**INPUT DATA:**
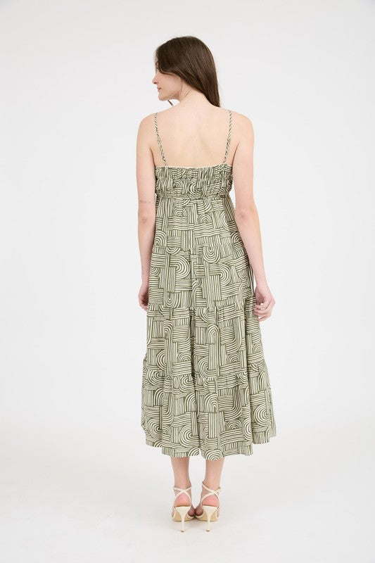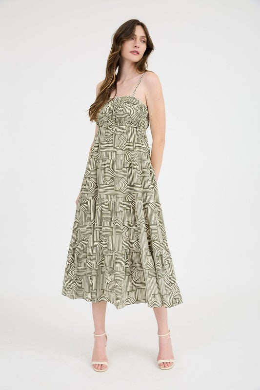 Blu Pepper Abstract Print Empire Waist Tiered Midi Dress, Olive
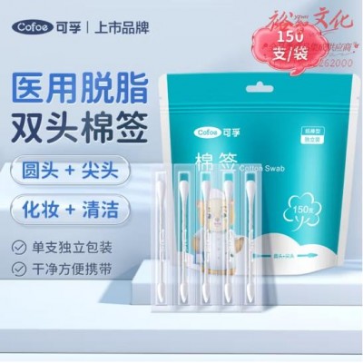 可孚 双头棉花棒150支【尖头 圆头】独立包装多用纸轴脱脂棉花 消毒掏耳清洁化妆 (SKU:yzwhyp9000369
---
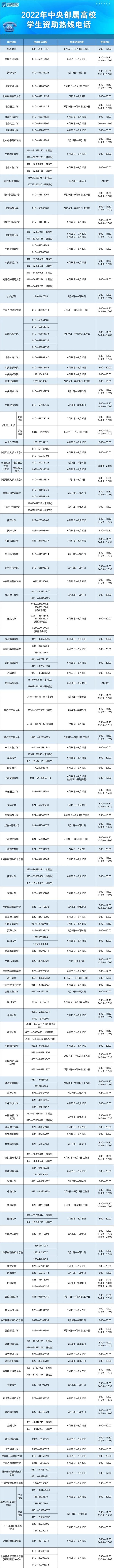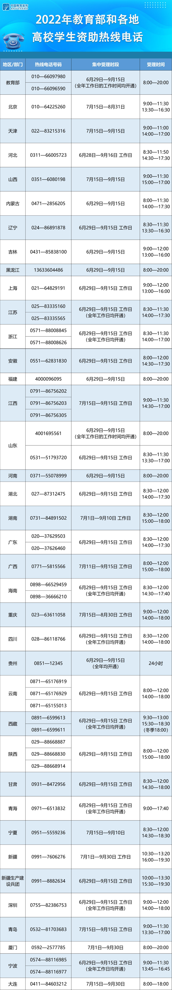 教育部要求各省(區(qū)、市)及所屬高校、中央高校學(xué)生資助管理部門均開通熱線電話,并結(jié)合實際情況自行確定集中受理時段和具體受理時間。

**YOUR OBJECTIVE:**
What's needed is an exact copy of the records above from the line containing "Blu Pepper Abstract" down to the line containing "可孚 双头棉花棒150支【尖头 圆头】独立包装多用纸轴脱脂棉花", both included, without any pictures.

**TASK OUTPUT:**
 Blu Pepper Abstract Print Empire Waist Tiered Midi Dress, Olive
 可孚 双头棉花棒150支【尖头 圆头】独立包装多用纸轴脱脂棉花 消毒掏耳清洁化妆 (SKU:yzwhyp9000369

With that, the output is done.